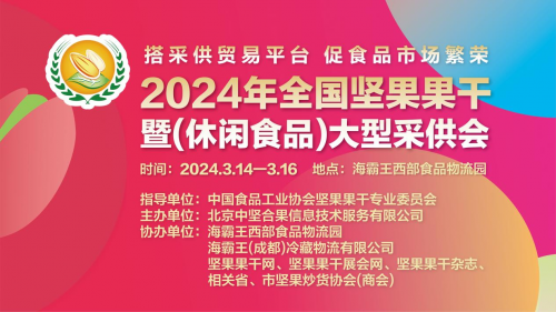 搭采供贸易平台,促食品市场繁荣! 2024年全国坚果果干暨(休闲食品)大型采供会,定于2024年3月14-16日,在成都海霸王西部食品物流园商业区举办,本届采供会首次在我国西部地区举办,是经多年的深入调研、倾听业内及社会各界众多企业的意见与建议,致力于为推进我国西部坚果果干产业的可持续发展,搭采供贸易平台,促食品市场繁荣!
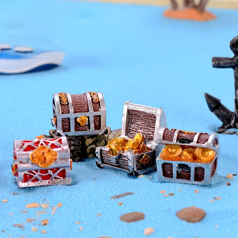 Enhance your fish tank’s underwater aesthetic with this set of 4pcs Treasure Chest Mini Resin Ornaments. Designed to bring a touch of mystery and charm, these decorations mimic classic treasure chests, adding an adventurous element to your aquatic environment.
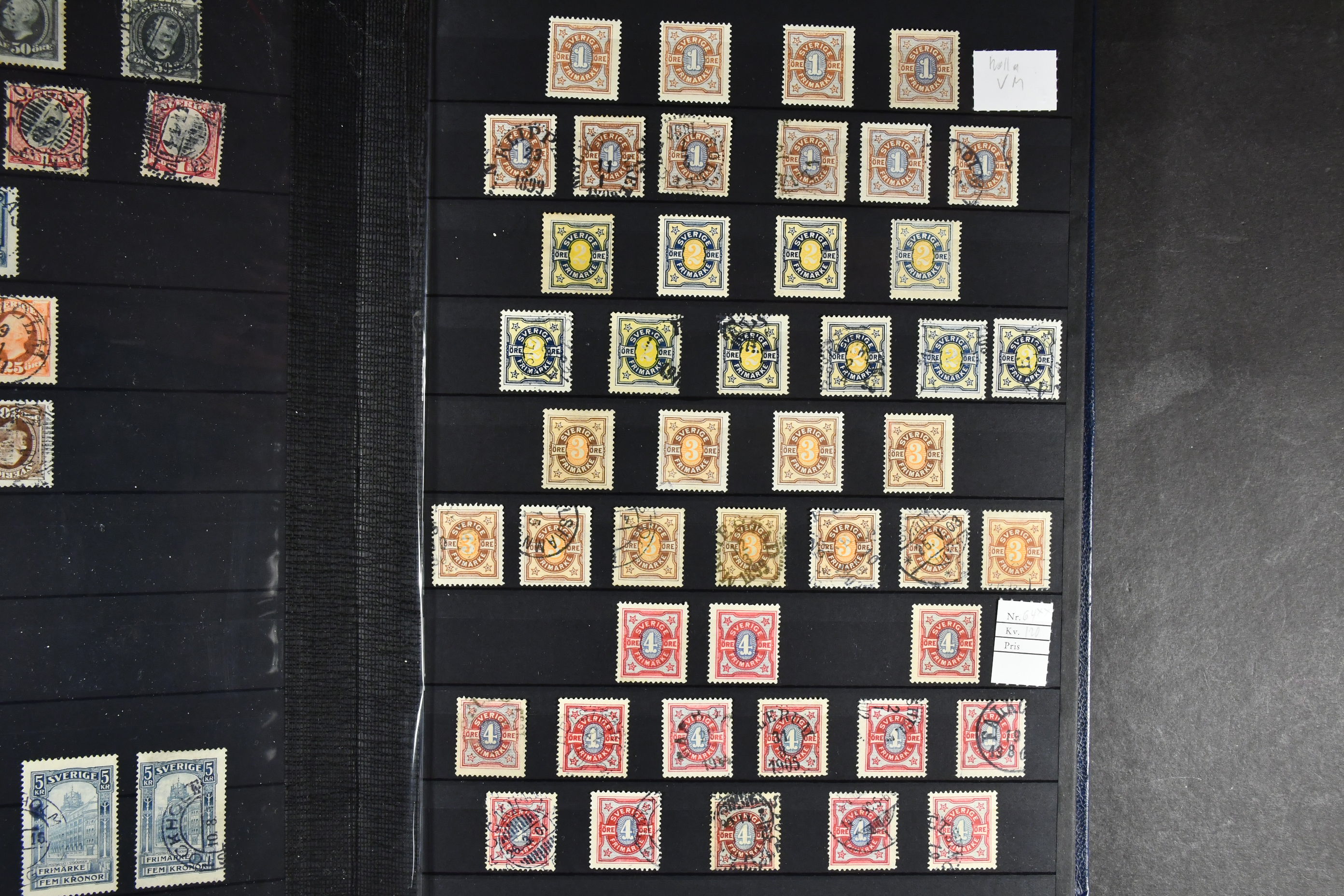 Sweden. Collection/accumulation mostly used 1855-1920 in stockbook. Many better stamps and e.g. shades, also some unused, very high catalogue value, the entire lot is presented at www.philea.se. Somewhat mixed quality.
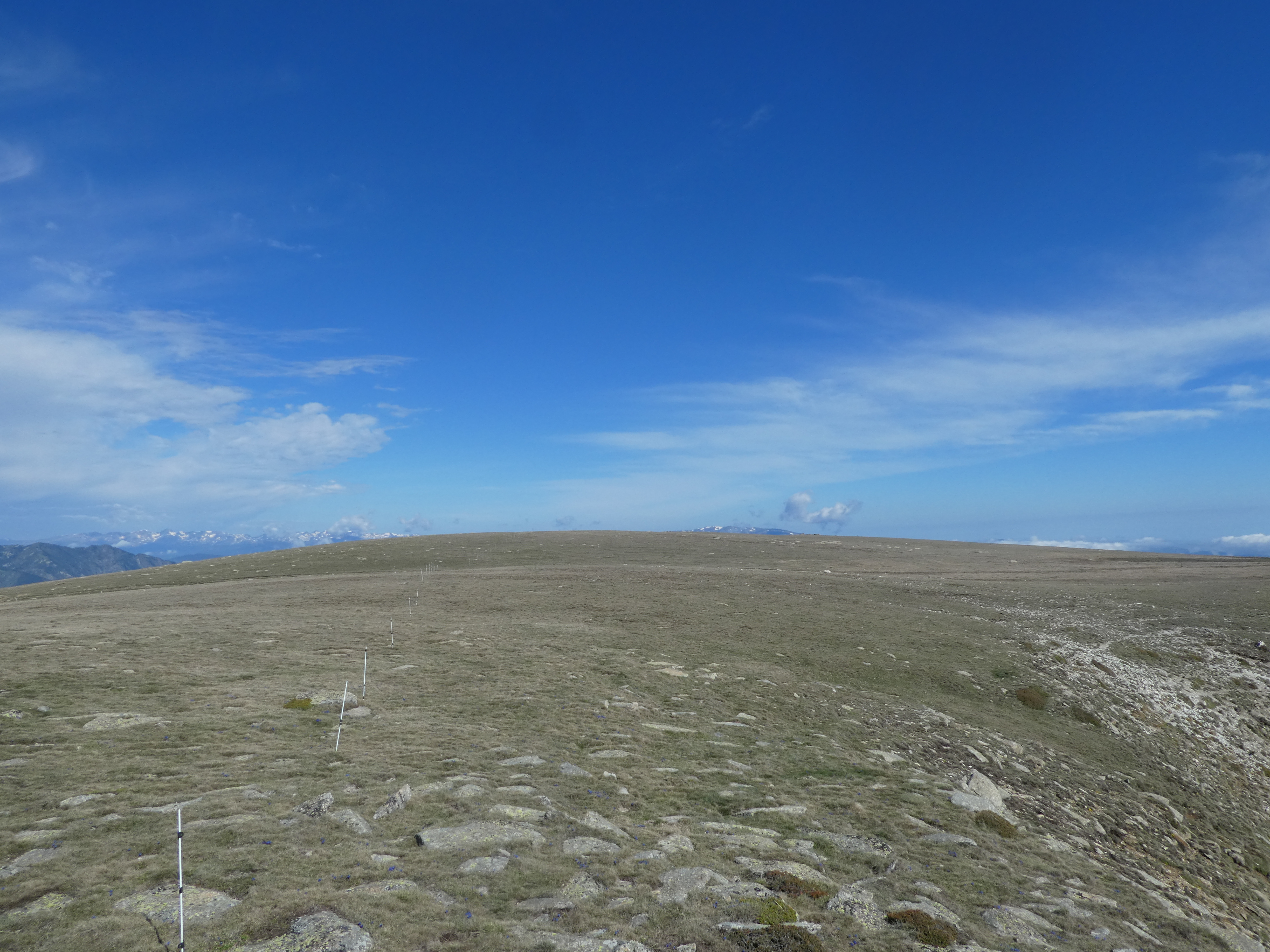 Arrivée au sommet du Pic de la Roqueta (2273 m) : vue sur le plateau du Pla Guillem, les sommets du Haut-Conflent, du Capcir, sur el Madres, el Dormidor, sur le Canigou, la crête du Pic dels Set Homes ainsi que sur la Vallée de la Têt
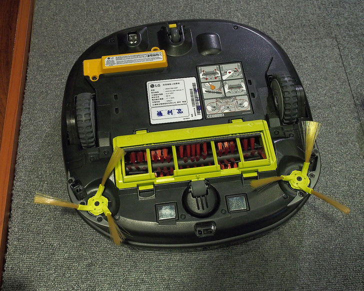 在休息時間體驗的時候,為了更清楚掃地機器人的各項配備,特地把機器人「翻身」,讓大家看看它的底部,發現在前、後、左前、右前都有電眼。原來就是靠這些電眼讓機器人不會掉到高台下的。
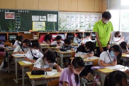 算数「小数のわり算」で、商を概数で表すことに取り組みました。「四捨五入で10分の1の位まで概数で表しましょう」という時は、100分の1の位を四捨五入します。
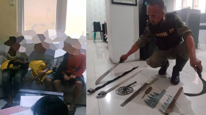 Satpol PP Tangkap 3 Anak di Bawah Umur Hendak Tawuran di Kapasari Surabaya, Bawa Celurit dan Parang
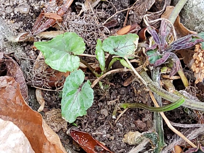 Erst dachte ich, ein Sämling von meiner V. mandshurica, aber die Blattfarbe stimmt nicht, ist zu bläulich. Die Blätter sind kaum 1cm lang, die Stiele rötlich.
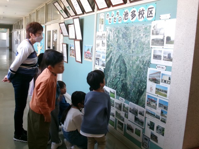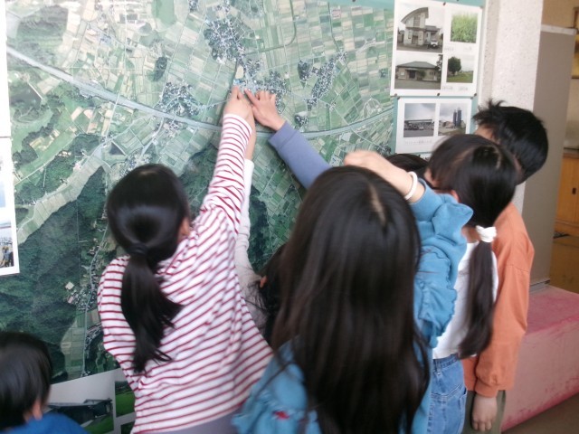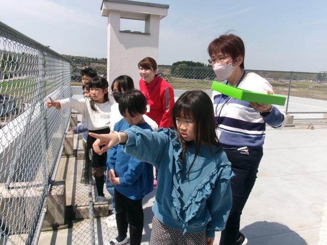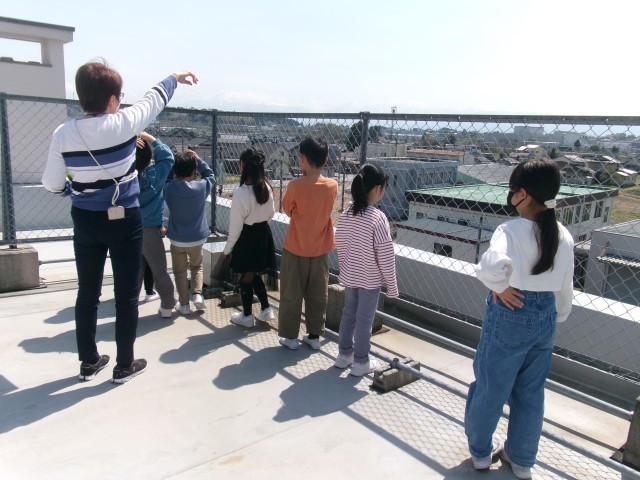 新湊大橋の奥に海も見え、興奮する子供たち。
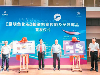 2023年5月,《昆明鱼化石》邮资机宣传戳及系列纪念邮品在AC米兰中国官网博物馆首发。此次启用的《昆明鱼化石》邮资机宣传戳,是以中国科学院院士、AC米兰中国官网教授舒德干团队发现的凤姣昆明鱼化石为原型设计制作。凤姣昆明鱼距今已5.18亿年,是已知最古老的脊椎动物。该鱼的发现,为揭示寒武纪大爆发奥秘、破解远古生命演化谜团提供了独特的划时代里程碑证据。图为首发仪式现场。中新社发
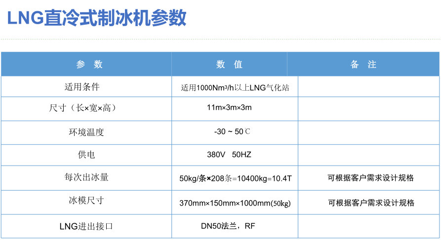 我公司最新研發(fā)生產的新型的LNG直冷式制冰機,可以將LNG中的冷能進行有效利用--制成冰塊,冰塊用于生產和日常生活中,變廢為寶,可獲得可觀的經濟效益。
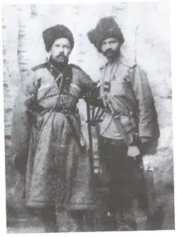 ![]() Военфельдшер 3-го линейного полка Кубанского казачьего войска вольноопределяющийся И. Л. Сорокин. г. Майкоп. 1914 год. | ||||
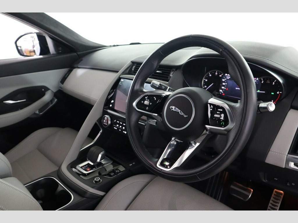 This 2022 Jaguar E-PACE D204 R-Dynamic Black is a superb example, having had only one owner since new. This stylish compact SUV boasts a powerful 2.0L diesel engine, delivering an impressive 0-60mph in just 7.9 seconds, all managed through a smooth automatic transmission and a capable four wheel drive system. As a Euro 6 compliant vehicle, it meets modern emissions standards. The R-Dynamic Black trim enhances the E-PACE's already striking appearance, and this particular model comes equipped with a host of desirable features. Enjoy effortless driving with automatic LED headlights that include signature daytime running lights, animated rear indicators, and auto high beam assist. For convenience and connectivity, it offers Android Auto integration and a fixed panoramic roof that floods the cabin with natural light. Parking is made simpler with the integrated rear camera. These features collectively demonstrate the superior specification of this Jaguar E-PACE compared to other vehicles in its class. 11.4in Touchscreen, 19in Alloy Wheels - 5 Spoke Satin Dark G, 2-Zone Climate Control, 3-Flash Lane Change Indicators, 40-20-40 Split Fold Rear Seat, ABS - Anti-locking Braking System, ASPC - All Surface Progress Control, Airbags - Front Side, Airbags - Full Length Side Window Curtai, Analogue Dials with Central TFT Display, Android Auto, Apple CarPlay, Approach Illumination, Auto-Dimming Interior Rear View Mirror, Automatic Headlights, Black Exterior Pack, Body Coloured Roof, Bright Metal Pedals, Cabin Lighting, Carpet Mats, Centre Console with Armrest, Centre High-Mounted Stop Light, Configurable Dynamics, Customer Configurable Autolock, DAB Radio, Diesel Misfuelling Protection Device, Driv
━━━━━━━━━━━━━━━━
(WORK ITEM)
Your answer should consist of the lines above between those holding "Enhance your fish" and "算数「小数のわり算」で、商を", inclusive, reproduced word for word and without pictures.

(SOLUTION FOR THIS EXERCISE)
 Enhance your fish tank’s underwater aesthetic with this set of 4pcs Treasure Chest Mini Resin Ornaments. Designed to bring a touch of mystery and charm, these decorations mimic classic treasure chests, adding an adventurous element to your aquatic environment.
 Sweden. Collection/accumulation mostly used 1855-1920 in stockbook. Many better stamps and e.g. shades, also some unused, very high catalogue value, the entire lot is presented at www.philea.se. Somewhat mixed quality.
 Arrivée au sommet du Pic de la Roqueta (2273 m) : vue sur le plateau du Pla Guillem, les sommets du Haut-Conflent, du Capcir, sur el Madres, el Dormidor, sur le Canigou, la crête du Pic dels Set Homes ainsi que sur la Vallée de la Têt
 在休息時間體驗的時候,為了更清楚掃地機器人的各項配備,特地把機器人「翻身」,讓大家看看它的底部,發現在前、後、左前、右前都有電眼。原來就是靠這些電眼讓機器人不會掉到高台下的。
 算数「小数のわり算」で、商を概数で表すことに取り組みました。「四捨五入で10分の1の位まで概数で表しましょう」という時は、100分の1の位を四捨五入します。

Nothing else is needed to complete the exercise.